Data items:
•••

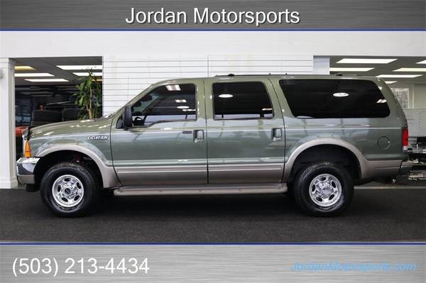 UP FOR GRABS IS A SUPER HARD TO FIND IN THIS SHAPE AND CONDITION AND SUPER LOW MILES LOCAL WEST COAST 2-OWNER SINCE NEW 2001 FORD EXCURSION LIMITED 4X4 WITH TURBO POWERSTROKE 7.3L AND ONLY 105K MILES, 4X4, LOADED WITH ALL OPTIONS FROM THE FACTORY INCLUDING TINTED WINDOWS, 2-TONE PAINT, RUNNING BOARDS, EXTENDABLE TOWING MIRRORS, REAR AIR, HEATED SEATS, REAR PARKING SENSORS, 8-PASSENGER SEATING, FOG LIGHTS, TOW PACKAGE AND MUCH MORE. NO SIGNS OR RECORDS OF ANY ACCIDENTS OR DAMAGES EVER, NO MAJOR DENTS OR SCRATCHES AT ALL, LIKE NEW INTERIOR FREE OF ANY RIPS OR TEARS OR ANY BROKEN PLASTICS AT ALL, SUPER CLEAN CARPET AND HEADLINER, UPGRADED BILLET FRONT GRILL, ALMOST BRAND NEW SET OF MICHLIN DEFENDER LTX 10-PLY TIRES ALL THE WAY AROUND, UPGRADED 4"EXHAUST, UPGRADED SHOCKS, UPGRADED RIFFRAFF CHARGE PIPES WITH BOOTS AND CLAMPS, VIPER ALARM WITH REMOTE START AND MUCH MORE. WE JUST DID A FULL FRESH SERVICE ON THIS EXCURSION INCLUDING NEW AIR FILTER / NEW HOOD SUPPORTS / NEW REAR BRAKE ROTORS - CALIPERS - PADS / BRAKE FLUID FLUSH / AC RECHARGE / NEW SERPANTINE BELT / NEW ALTERNATOR / COOLANT FLUSH / NEW REAR DOOR GLASS ACTUATOR AND MUCH MORE. THIS IS THE EXCURSION THAT YOU HAVE BEEN WAITING FOR SO HURRY AND BE THE LUCKY OWNER OF THIS RARE FIND.
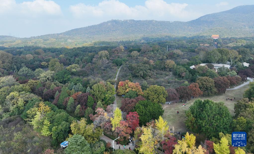 11月1日拍摄的南京钟山风景名胜区秋色(无人机照片)。
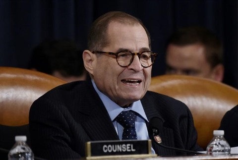 | Le chef démocrate de la Commission judiciaire de la Chambre des représentants, Jerry Nadler, préside, le 11 décembre le débat sur les chefs d'accusation visant Donald Trump dans la procédure de destitution. |
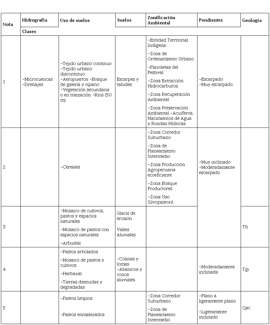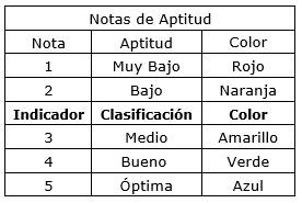 La nota otorgada puede ser 1, 2, 3, 4 o 5 representando “Muy bajo”, “Bajo”, “Medio”, “Bueno” u “Óptima” respectivamente. Por ejemplo, si la zona es apta para urbanización entonces recibirá una nota de 5. De igual forma, se otorgó un color para cada zona basado en su nota de actitud, dichos colores fueron rojo (1), naranja (2), amarillo (3), verde (4) y azul (5).
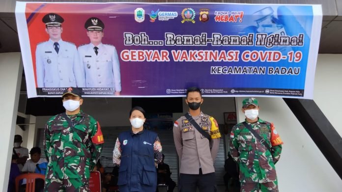 Untuk percepatan cakupan Vaksinasi Covid-19 di Kalimantan barat khususnya di kecamatan Badau, pelaksanaan gebyar Vaksinasi Covid-19 melibatkan TNI Polri dalam membantu kegiatan Vaksinasi, harapan nya semua warga yang sudah di data di kelurahan masing-masing segera di Vaksinasi agar percepatan penanganan Covid-19 cepat selesai,dan ini merupakan program pemerintah yang wajib kita dukung”, Ucapan nya.
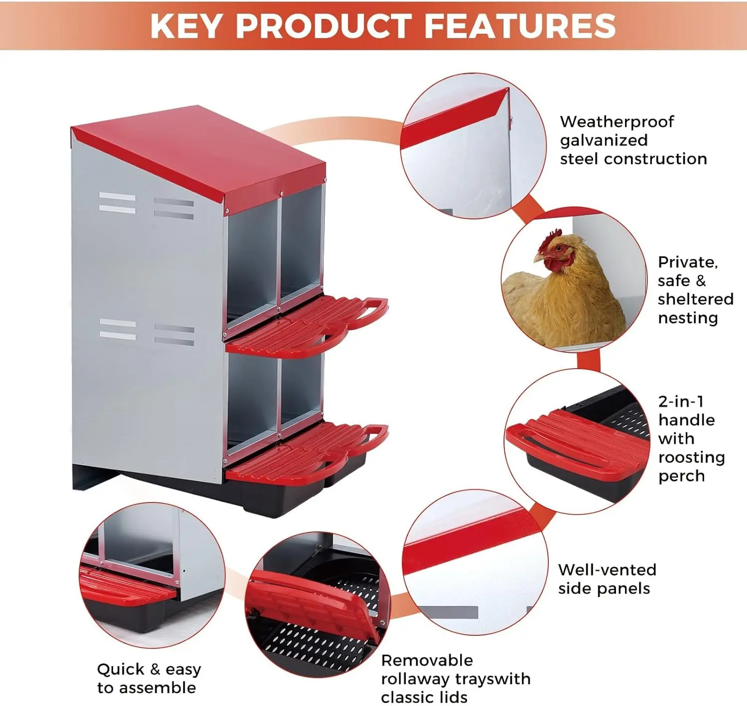 ·Robust & Weather-Resistant Construction: Constructed from galvanized steel and high-quality plastic, these chicken nesting boxes are engineered for long-term outdoor use. The robust metal structure provides reliable durability across all seasons, ensuring a stable environment for your poultry in any backyard or farm setting.

•••

WORK INSTRUCTION: Starting with the line that has "La nota otorgada" and going on through the line that has "Untuk percepatan cakupan", transcribe the records above exactly, but skip the pictures.

TASK OUTPUT:
 La nota otorgada puede ser 1, 2, 3, 4 o 5 representando “Muy bajo”, “Bajo”, “Medio”, “Bueno” u “Óptima” respectivamente. Por ejemplo, si la zona es apta para urbanización entonces recibirá una nota de 5. De igual forma, se otorgó un color para cada zona basado en su nota de actitud, dichos colores fueron rojo (1), naranja (2), amarillo (3), verde (4) y azul (5).
 Untuk percepatan cakupan Vaksinasi Covid-19 di Kalimantan barat khususnya di kecamatan Badau, pelaksanaan gebyar Vaksinasi Covid-19 melibatkan TNI Polri dalam membantu kegiatan Vaksinasi, harapan nya semua warga yang sudah di data di kelurahan masing-masing segera di Vaksinasi agar percepatan penanganan Covid-19 cepat selesai,dan ini merupakan program pemerintah yang wajib kita dukung”, Ucapan nya.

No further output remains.